Déjà View: Looping Transformers for Multi-View 3D Reconstruction
Abstract Overview
The paper presents DéjàView, a multi-view 3D reconstruction model that replaces a deep feed-forward transformer with a single shared transformer block applied recurrently to per-view DINOv2 features. The recurrent block is conditioned on continuous time intervals, and the number of refinement steps K is sampled during training so that one checkpoint can be used at different inference-time compute budgets. The method predicts depth, rays, and camera parameters, and the authors analyze the recurrent dynamics as a form of directional refinement rather than fixed-point convergence. Evaluation is reported on five benchmarks spanning indoor, outdoor, object-centric, and driving scenes.
Novelty
The main novelty is making iterative refinement explicit in a multi-view reconstruction transformer by looping a shared block, instead of relying on many independently parameterized layers to realize refinement implicitly. The paper also introduces continuous time conditioning and variable-K training so the same trained model can trade compute for accuracy at inference, and shows that shared recurrence outperforms an otherwise matched untied per-step variant.
Results
Across DTU, ETH3D, 7-Scenes, ScanNet++, and nuScenes, DéjàView matches or exceeds much larger feed-forward baselines while using 117M parameters, 75.9 TFLOPs, and 4.9 GiB peak memory at 24 views. In the efficiency summary, it attains the best average inlier ratio (80.3) and AUC@30 (91.8), and the pose table shows first- or second-place results on nine of ten benchmark cells.
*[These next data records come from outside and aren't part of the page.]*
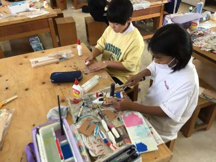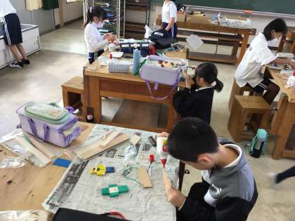 11/6 4年図工 公開日 2024/11/06 更新日 2024/11/06 各学年から 4年図工では、「ギコギコトントンクリエイター」の作品作りをしていました。木片に錐で穴をあけたり、着色したりとそれぞれで工夫をしながら作品作りを進めていました。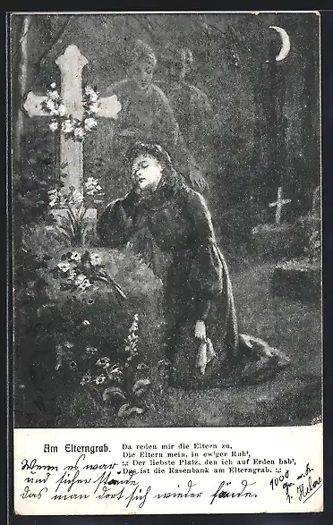 Künstler-AK Trauernde Frau am Elterngrab
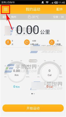 1)打开点点运动,进入首页点击左上角的【三】按钮,弹出菜单栏,点击【发现】一项。(如下图)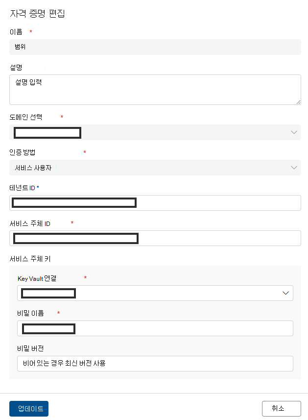 - DQ 연결은 MSI 자격 증명을 사용해야 합니다.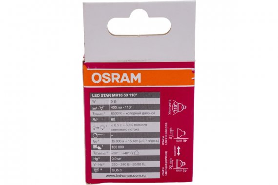 Технические характеристики Osram STAR LED MR16 5Вт GU5.3 400 Лм 6500 К Холодный белый свет 4058075480520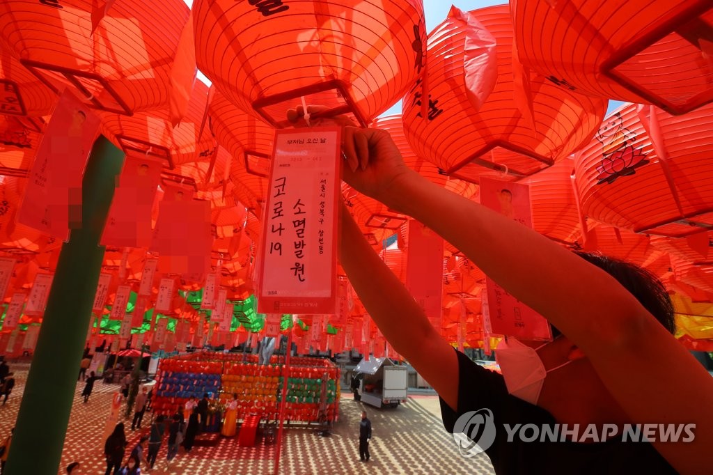 | ▲ A Buddhist follower hangs a lantern with a message wishing for the end of the COVID-19 pandemic at a temple in central Seoul on May 18, 2021. (Yonhap) |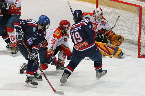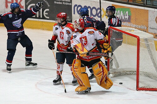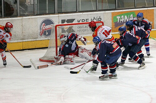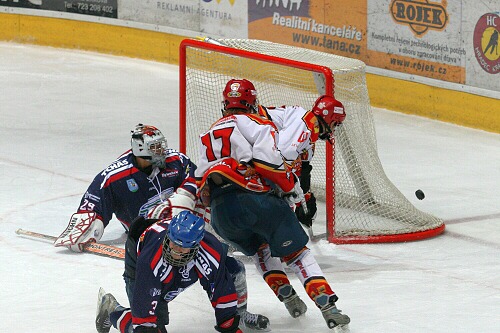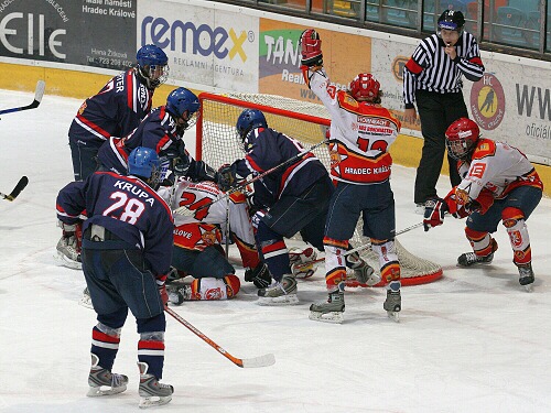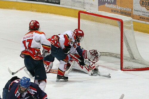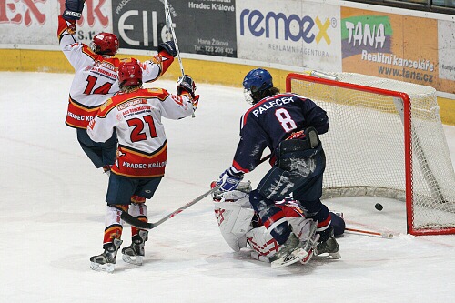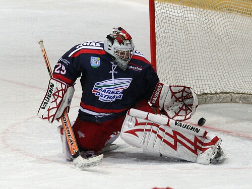 Brankář Sarezy likviduje jednu z 52 hradeckých střel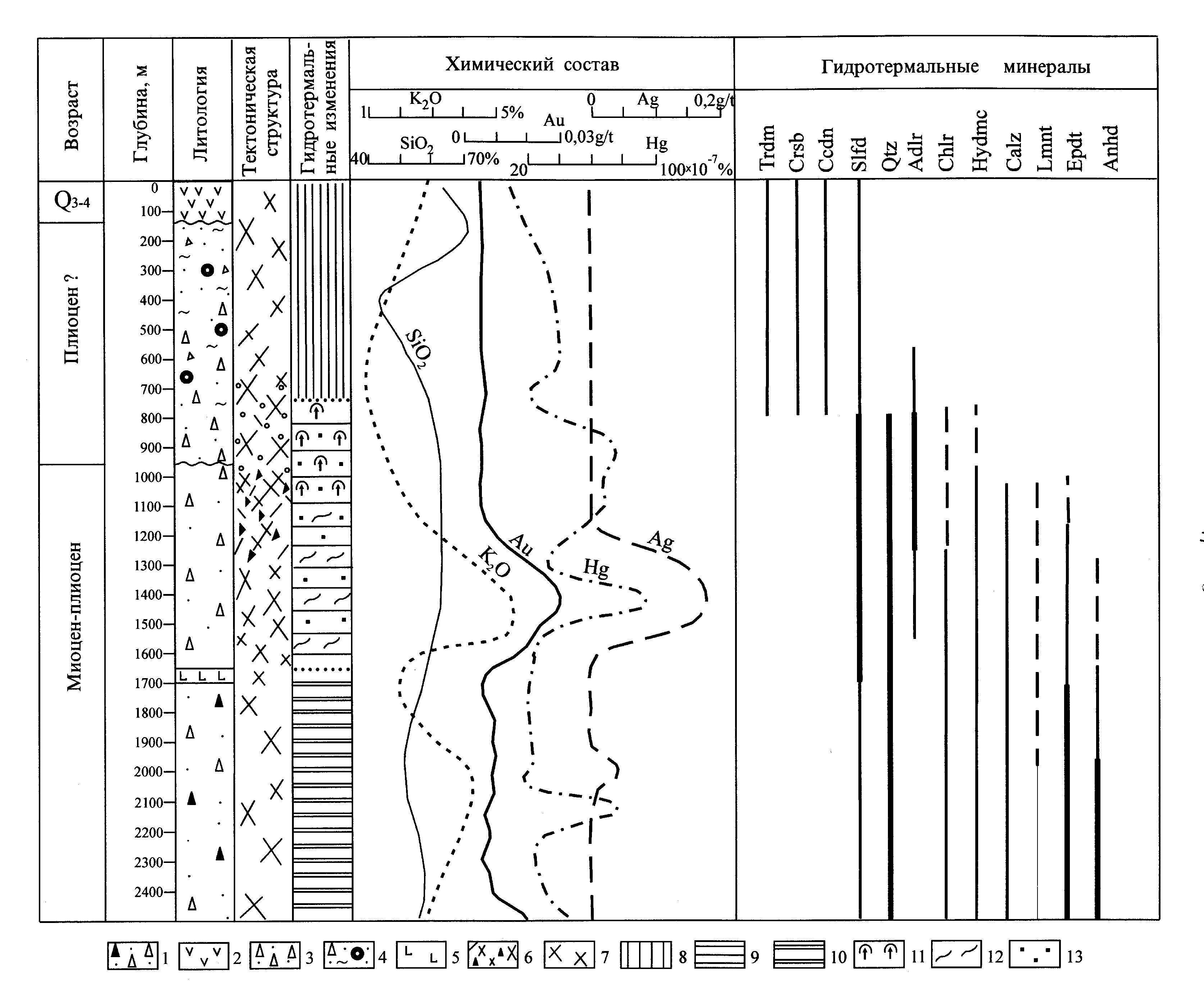 1 – туф литокристаллокластический интрузивный андезито-базальтового состава; 2 –лавы андезитов; 3 – туф литокристаллокластический пестроцветный андезитового состава, псефо-псаммитовой размерности обломков; 4 – туффит с включениями реликтового органического материала; 5 – лавы (дайки, силлы?) андезито-базальтов; 6 – тектоническая брекчия; 7 – умеренно трещиноватые породы; 8 – низкотемпературная опал-кристобалит-тридимит-халцедоновая минерализация; 9– низко-среднетемпературные существенно кварц-адуляр-гидрослюдистые метасоматиты с включениями рудных минералов; 10 – среднетемпературные пропилиты кварц-хлорит-эпидот-мусковитового состава; 11 – зоны перехода жидкость-пар (кварц-адуляровые метасоматиты); 12 – кварц-халцедоновые прожилки с рудными минералами; 13 – рудная минерализация; гидротермальные минералы: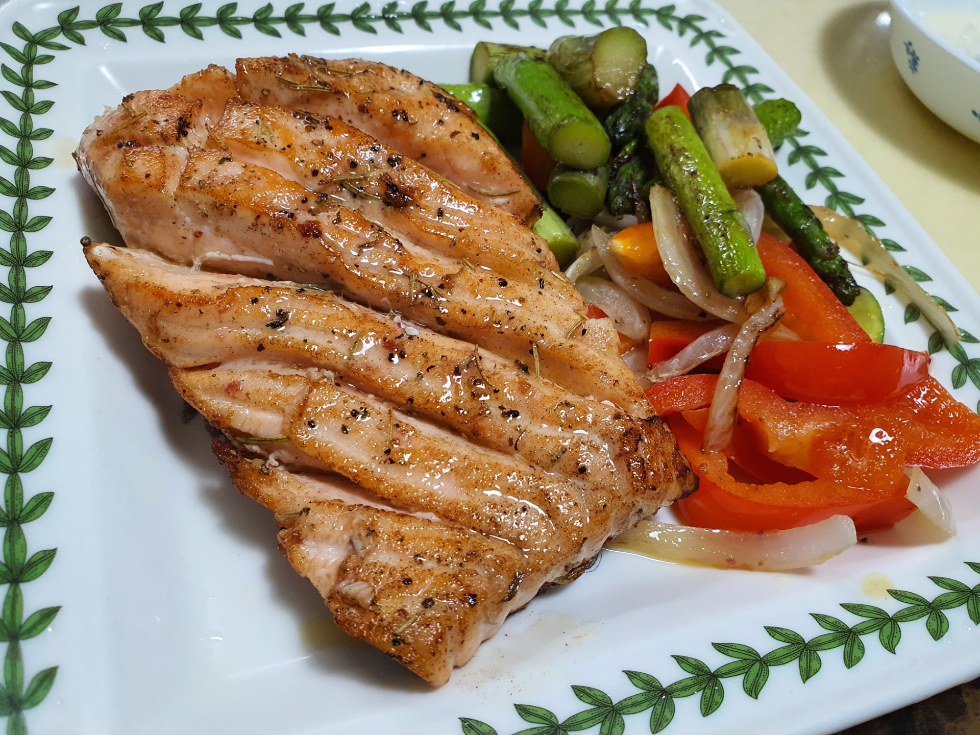 작은애가 티비보다가 연어스테이크 먹는걸 보더니 자기도 먹고 싶다하여 어제 마트에서 연어랑 파프리카 아스파라거스 사다가 올리브오일 넣고 구웠네요..원래는 그린빈스 사고 싶었는데 품절이라 아스파라거스로 사왔네요.

Ablations further show that weight sharing and the proposed gating design improve metrics monotonically, with the fully shared design outperforming a decoupled 16-step alternative despite far fewer parameters.
Key Points
- DéjàView formulates multi-view 3D reconstruction as recurrent refinement of per-view tokens with a single shared transformer block conditioned on continuous time intervals.
- A single variable-K checkpoint supports different inference budgets, and the model achieves strong cross-benchmark performance with substantially fewer parameters than prior feed-forward transformers.
- The analysis indicates monotonic quality improvement across recurrent steps and identifies directional refinement in feature space; moreover, the shared recurrent block performs better than a matched untied per-step design.